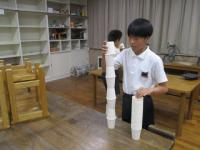 さすが、いろんな形が次々と出てきました。うまくバランスをとれるよう考えていました。まっすぐ置くだけじゃないんだよね。
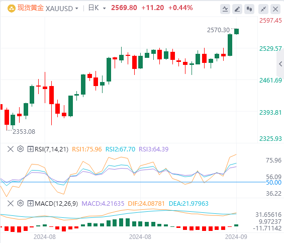黄金昨日多头强势突破震荡箱体中枢上边压力位2528一线,打开了上涨空间,延续多头趋势行情,进入了新的历史高位。从k线上看,多头昨日收强势大阳线,显示多头突破后力度非常强势,后市将进一步延续上涨趋势行情不变。综合MACD指标看,快慢线0轴上运行,表明多头开始主导行情。策略上建议顺多头趋势行情支撑位埋伏多单为主思路。
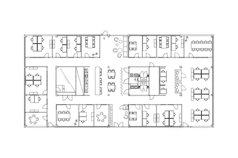 The office has an open-plan space that can be easily adapted to your needs. You can open the space into a larger open space or divide it into smaller units. In addition, the space has work and meeting rooms of various sizes that offer privacy and also adapt well to team workspaces.

WHAT YOU SHOULD DO –
Output verbatim the lines beginning at the line with "黄金昨日多头强势突破震荡箱体" and ending at the last line of the material above, inclusive. Do not carry over any pictures.

RESPONSE AREA –
黄金昨日多头强势突破震荡箱体中枢上边压力位2528一线,打开了上涨空间,延续多头趋势行情,进入了新的历史高位。从k线上看,多头昨日收强势大阳线,显示多头突破后力度非常强势,后市将进一步延续上涨趋势行情不变。综合MACD指标看,快慢线0轴上运行,表明多头开始主导行情。策略上建议顺多头趋势行情支撑位埋伏多单为主思路。
 The office has an open-plan space that can be easily adapted to your needs. You can open the space into a larger open space or divide it into smaller units. In addition, the space has work and meeting rooms of various sizes that offer privacy and also adapt well to team workspaces.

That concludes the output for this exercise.